You paint a rosy picture of our criminal justice system that I and many Singaporeans will find bears little resemblance to reality. Your Government refuses to release statistics on the racial composition of the prison population or of prisoners on Death Row and on the average length of sentences for the same crimes committed by different ethnic groups. Instead of providing information, which you would be required to do if Singapore was a democratic society, as promised in the National Pledge, you threaten those who in the absence of information draw valid inferences from sentences handed down in our courts with investigation by the police and prosecution for stirring up racial hatred.

To many Singaporeans the clearest example of an injustice is your and your father’s  Government’s refusal to implement the recommendation of the Judicial Committee of the UK Privy Council and issue a full pardon to my late father, J B Jeyaretnam for his conviction in 1986 for a non-existent offence. As a result of his conviction he lost his seat in Parliament, was jailed and then prevented from standing again for Parliament till 1997. In the 1997 General Election, you, together with then PM Goh and Minister Tony Tan, committed a clear and blatant election offence for which your Government’s Attorney General, Chan Sek Kheong, declined to prosecute you. Chan Sek Kheong was later rewarded with elevation to Chief Justice. There can be no more glaring example of unequal treatment  before the law and illustration of the hypocrisy of you and your Government’s claim to “continually strive to protect and improve our justice system, so that people can be assured that it is clean, just and works equally for all.”
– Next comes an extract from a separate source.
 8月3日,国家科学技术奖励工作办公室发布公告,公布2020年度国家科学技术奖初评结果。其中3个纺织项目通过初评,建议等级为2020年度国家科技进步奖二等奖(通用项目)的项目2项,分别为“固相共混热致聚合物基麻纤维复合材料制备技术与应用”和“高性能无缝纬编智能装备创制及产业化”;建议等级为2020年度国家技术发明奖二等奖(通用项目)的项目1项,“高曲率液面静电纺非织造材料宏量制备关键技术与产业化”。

JBJ was unable to appeal against his conviction to the Privy Council because of the AG’s decision to prosecute him in the district court rather than the High Court, which was undoubtedly done for the Machiavellian reason of denying him that right. However he was able to appeal his disbarment from legal practice by your father’s old friend, Chief Justice Wee Chong Jin. I am sure you are familiar with the Privy Council judgement but in case you have forgotten (I appreciate you are now 70 and may be suffering from inevitable memory loss though perhaps you should rethink your plans to stay on as PM beyond 2024 which is only fueling speculation that you are paving the way for your son to succeed you) I will reproduce it below:

Their Lordships have to record their deep disquiet that by a series of misjudgements, the appellant and his co-accused Wong, have suffered a grievous injustice. They have been fined, imprisoned and publicly disgraced for offences of which they are not guilty. The appellant, in addition, has been deprived of his seat in Parliament and disqualified for a year from practising his profession. Their Lordships order restores him to the roll of advocates and solicitors of the Supreme Court of Singapore, but, because of the course taken by the criminal proceedings, their Lordships have no power to right the other wrongs which the appellant and Wong have suffered. Their only prospect of redress, their Lordships understand, will be by way of petition for pardon to the President of the Republic of Singapore.
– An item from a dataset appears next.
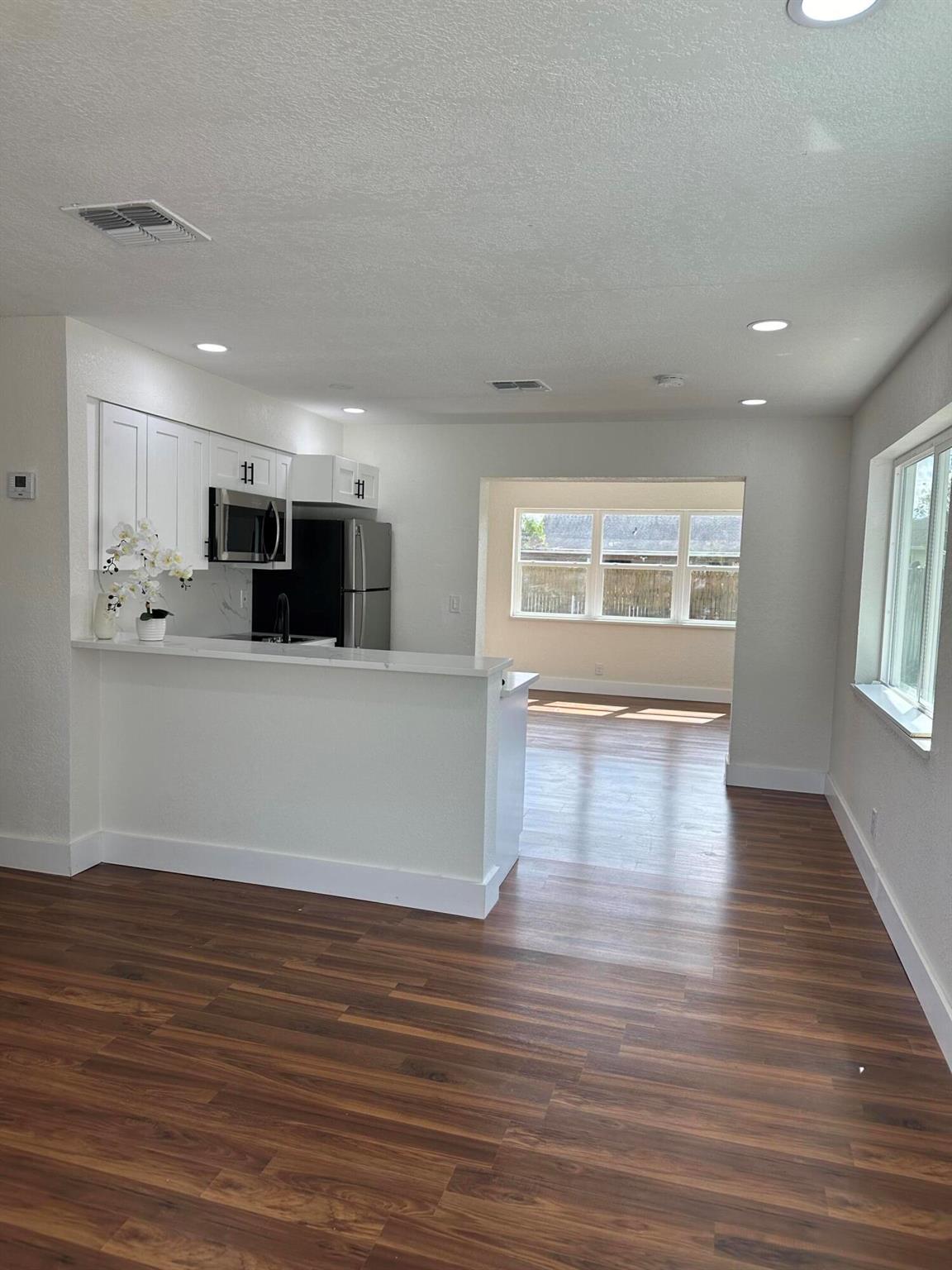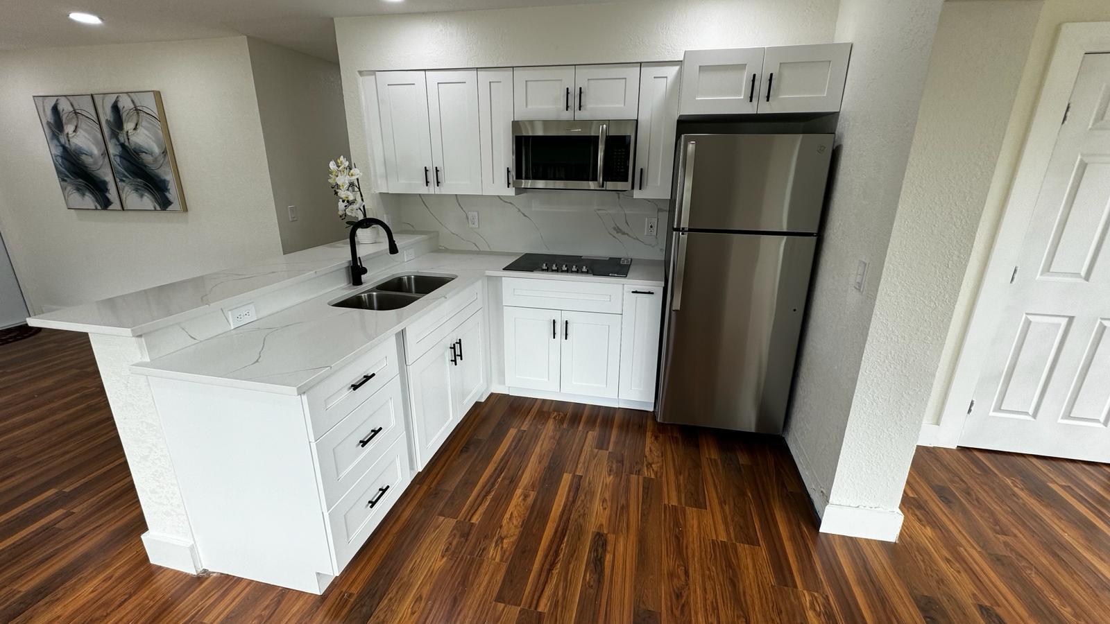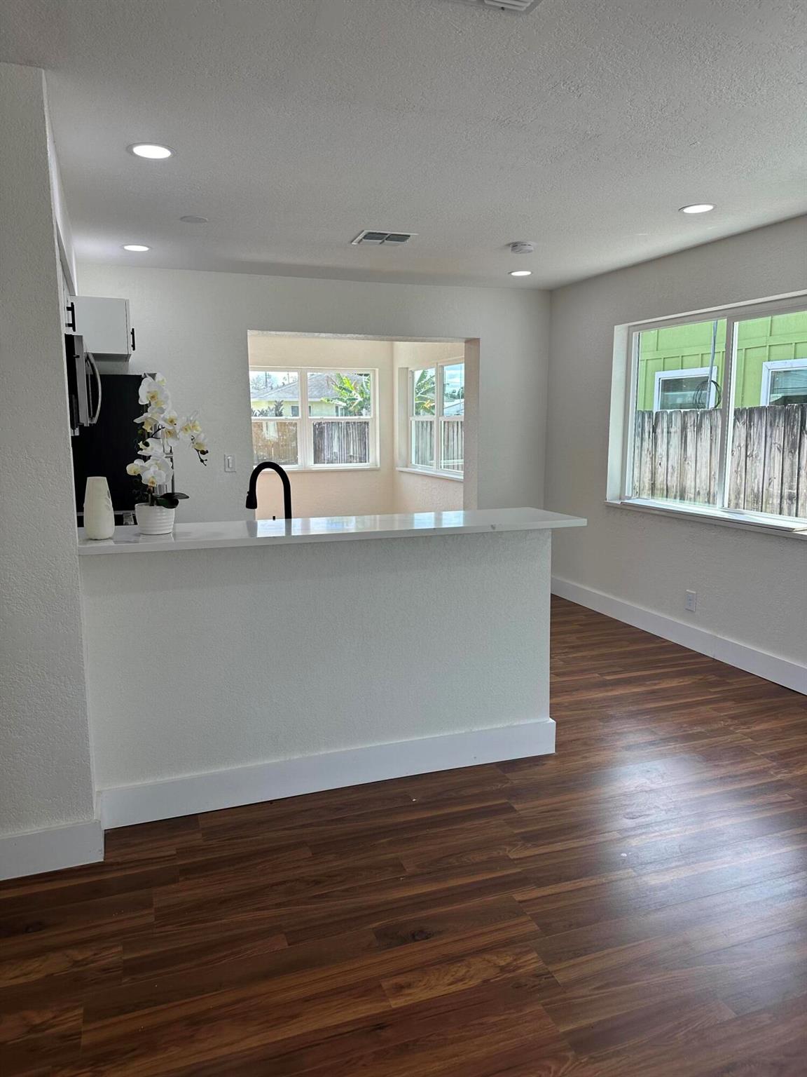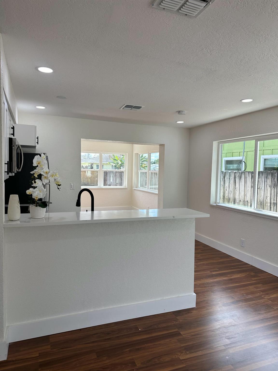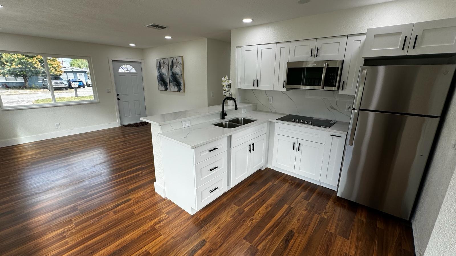 How can I describe this Beauty . Recently renovated property boasts a range of modern upgrades, including a brand-new roof, impact windows for enhanced safety, new flooring throughout, a brand new water heater and AC system, energy-efficient lighting features, a newly paved driveway, and a fully equipped kitchen with new appliances and stylish quartz countertops. The meticulous updates make this home a comfortable and contemporary living space.

When JBJ petitioned the President at the time, Wee Kim Wee, he was told that he had shown, in my father’s words, “insufficient remorse” for his crime and that therefore the Government was unwilling to pardon him. As a result of this case your late father ended Singaporeans’ right of appeal to the Privy Council despite having said previously that he would retain the right to prove that Singapore had rule of law. By ending that right, Lee Kuan Yew ensured that there would be no right of appeal from judges beholden to him for their appointment.

As long as your Government refuses to advise the President to issue a full pardon for JBJ, it makes a mockery of your hypocritical and palpably fake claims to be striving to make sure that the justice system is clean, just and works equally for all. If you fail to respond to my open letter then I will take it that you agree and there is no rule of law in Singapore.